Furthermore, after setting a second threshold T2 (for example, 10 seconds) smaller than the first threshold T1,
The main control unit 17MC turns on the LED 15 when the elapsed time T is less than or equal to the second threshold T2, and blinks the LED 15 when the elapsed time T is greater than the second threshold T2 and less than or equal to the first threshold T1. You may let them. Thereby, before the elapsed time T becomes the first threshold value T1, it is possible to give the user an opportunity to extend the period of the valid state of the communication unit 17C. As a result, it is possible to avoid reconnection of wireless communication. Can do. Therefore, the wireless communication between the data collection terminal 21 and the sensor device 11 can be continuously performed over a time longer than the preset first threshold value T1.

  Thus, in the sensor device 11, since the communication unit 17C is switched between valid and invalid by operating the operation button unit 14, the communication method between the sensor device 11 and the data collection terminal 21 is relatively consumed. Short distance communication with low power is sufficient. As a result, power saving of the sensor device 11 and the data collection system 2 can be achieved. In other words, the sensor device 11 smoothly collects measurement data even when the communicable ranges R1 (see FIG. 1) of the sensor devices 11 installed in the same measurement area do not overlap each other. Therefore, power saving can be achieved.

  By the way, such a sensor device 11 continuously measures a predetermined value and stores measurement data, and data collection by the data collection terminal 21 is often performed every six months to every other year. For this reason, once the sensor device 11 arranged in the measurement area is turned on, it cannot be maintained for a long period of time. Thus, moss often occurs in the sensor device 11 arranged in the measurement area, in particular, the portion exposed from the soil S, particularly the lower container 19L in which water is stored. If moss is generated, the water pressure in the lower container 19L cannot be measured correctly.
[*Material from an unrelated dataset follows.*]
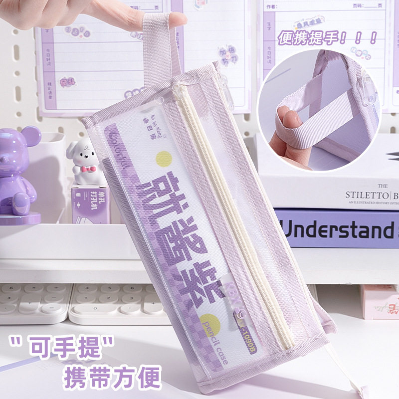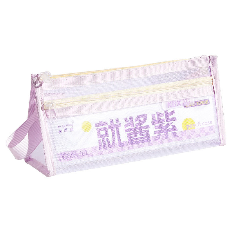 咔巴熊三角网纱笔袋大容量学生文具袋透明高颜值铅笔袋考试专用

Since the lower container 19L of the sensor device 11 is provided with a shielding film that blocks light from the outside to the inside, generation of moss in the lower container 19L can be suppressed.

  In the above embodiment, the condition for the main control unit 17MC to output the second switching signal SW2 to the switching unit 17SW is “when the elapsed time T is equal to the first threshold T1”, but the present invention is not limited to this. For example, “when the communication unit 17C is in a valid state and the operation signal SO is detected from the operation button unit 14” may be used (see FIG. 5).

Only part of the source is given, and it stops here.